Job Demands and Autonomy Are Linked to Health Problems
Over the years, job autonomy (or control) has been defined different ways, but can be broadly understood as limited flexibility (for example, with the tasks of the job) and limited decisional latitude, meaning the employee isn’t permitted or encouraged to make decisions in their work or about their work. Job demands originally meant the psychological intensity of work, but ultimately can be understood to include workload, time pressure, and physical demands.
Robert Karasek introduced the theory of demands and control in 1979. He and others have shown that jobs in which workers consistently encounter high job demands with low job control — the combination is called job strain — are linked to a variety of health issues, especially high blood pressure and cardiovascular disease, as well as depression, anxiety, burnout, and metabolic disorders.

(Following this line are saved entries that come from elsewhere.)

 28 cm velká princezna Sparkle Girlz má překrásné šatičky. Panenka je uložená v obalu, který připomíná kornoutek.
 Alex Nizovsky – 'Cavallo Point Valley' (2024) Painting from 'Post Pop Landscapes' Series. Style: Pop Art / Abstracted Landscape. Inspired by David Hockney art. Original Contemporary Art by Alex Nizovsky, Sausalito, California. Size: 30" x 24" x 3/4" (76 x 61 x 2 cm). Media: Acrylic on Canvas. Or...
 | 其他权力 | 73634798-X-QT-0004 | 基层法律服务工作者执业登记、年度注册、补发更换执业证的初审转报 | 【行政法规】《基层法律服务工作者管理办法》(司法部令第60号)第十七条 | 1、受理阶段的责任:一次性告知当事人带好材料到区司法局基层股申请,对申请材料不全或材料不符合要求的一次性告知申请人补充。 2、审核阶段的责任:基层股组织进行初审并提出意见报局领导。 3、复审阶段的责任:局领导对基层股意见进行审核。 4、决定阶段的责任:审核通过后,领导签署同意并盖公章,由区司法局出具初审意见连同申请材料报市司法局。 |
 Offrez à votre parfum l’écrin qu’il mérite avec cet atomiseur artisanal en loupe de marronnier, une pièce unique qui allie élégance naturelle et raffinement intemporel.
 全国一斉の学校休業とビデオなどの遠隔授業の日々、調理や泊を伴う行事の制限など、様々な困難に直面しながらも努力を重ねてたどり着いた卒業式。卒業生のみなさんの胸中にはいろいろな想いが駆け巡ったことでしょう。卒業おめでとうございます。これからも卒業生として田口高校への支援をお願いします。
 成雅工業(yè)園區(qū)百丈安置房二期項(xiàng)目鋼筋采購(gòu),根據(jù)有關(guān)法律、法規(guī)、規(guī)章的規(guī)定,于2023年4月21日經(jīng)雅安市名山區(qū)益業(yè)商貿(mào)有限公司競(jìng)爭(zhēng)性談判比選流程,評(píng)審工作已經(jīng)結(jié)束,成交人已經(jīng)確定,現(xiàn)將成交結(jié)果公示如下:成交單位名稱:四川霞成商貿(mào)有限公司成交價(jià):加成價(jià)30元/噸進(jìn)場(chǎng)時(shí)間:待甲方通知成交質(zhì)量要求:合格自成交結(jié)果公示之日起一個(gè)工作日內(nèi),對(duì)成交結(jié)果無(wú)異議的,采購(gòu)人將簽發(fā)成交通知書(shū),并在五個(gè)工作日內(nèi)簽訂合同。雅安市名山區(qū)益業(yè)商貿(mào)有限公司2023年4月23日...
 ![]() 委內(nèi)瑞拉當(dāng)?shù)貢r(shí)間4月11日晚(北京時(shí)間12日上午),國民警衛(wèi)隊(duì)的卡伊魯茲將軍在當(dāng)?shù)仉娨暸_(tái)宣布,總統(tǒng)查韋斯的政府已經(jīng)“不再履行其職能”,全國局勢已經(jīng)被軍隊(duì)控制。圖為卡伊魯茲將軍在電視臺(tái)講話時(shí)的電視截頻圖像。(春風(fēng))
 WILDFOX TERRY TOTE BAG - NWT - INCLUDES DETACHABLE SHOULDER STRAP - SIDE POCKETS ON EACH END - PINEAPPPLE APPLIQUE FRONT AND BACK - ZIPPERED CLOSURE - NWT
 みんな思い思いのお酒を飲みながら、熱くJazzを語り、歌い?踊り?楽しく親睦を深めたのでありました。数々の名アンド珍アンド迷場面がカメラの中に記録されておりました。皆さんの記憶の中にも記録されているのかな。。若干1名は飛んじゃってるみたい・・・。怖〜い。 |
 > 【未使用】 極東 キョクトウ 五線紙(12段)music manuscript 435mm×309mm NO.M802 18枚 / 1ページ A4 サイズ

Karasek later learned that social support “buffers” the negative effects of high-strain jobs. Social support originally meant supervisors' and co-workers' support for performing job tasks, but can be understood in all of the many ways it’s been defined: Having a sense of “belongingness” at work; having co-workers who are empathetic and confidantes; having supervisors who take a genuine interest in the personal and professional lives of team members; and having a best friend at work.
In sum, high demands and low control are an unhealthy combo. (High demands and high control are not necessarily bad.)

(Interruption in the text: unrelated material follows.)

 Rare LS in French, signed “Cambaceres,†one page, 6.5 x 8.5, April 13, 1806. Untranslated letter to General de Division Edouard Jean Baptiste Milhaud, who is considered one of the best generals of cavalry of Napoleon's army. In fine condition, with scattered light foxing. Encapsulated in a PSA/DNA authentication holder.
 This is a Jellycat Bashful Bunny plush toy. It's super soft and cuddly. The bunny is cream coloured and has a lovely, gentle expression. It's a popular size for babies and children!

Effort-Reward Imbalance Is Linked to Health Problems
Unhealthy job stress has been framed in other ways. Germany’s Johannes Siegrist found that work in which the required effort is disproportionately high compared to the job rewards— effort-reward imbalance — leads to the same kinds of health problems that result from job strain. “Rewards,” here, doesn’t just mean financial compensation, but also career opportunities and level of esteem within the organization. The effort-reward imbalance model reminds me of an encounter I once had with a business analyst who transferred to another department because she didn’t feel valued in the department she was hired into. When I asked her, “What would have made you feel more valued?” her answer was not “better pay” or “someone saying ‘good job’”…
“I just wanted someone to listen to my ideas,” she told me.
A worker who doesn’t feel valued (i.e. esteemed) by being “listened to” is likely to have a higher level of disengagement and health impairment. This offers a glimpse into how management style, job design, organizational culture, performance, turnover, health, and wellbeing are all interconnected.
Overtime, Job Insecurity, Injustice, and More...
Several other causes of job stress have been identified, and most of them can in some way fit into the demand-control and/or the effort-reward imbalance model:
chronic overtime
job insecurity
work-life conflict
role ambiguity (not being clear of what’s expected, receiving contradictory direction, duplication with other workers’ roles, or not understanding how the work fits into the overall organization — all of which are among the most common complaints I’ve heard from employees who report high job stress).
organizational injustice (being treated unfairly, which at the extreme includes bullying and harassment)
lower levels of status within the organization
sustaining high levels of vigilance (e.g. first responders, air traffic controllers, etc.)
Back to Bakker
The overlaps between and the nuances of these job stress theories makes them difficult to understand and apply. That’s where Bakker and Demerouti’s Job Demands-Resources model comes in. While building on the existing theories and expanding upon them, it also provides a simpler way of making sense of job stress and motivation. I consider it a comprehensible and practical unifying theory. JD-R posits that all job traits can be categorized as either demands or resources.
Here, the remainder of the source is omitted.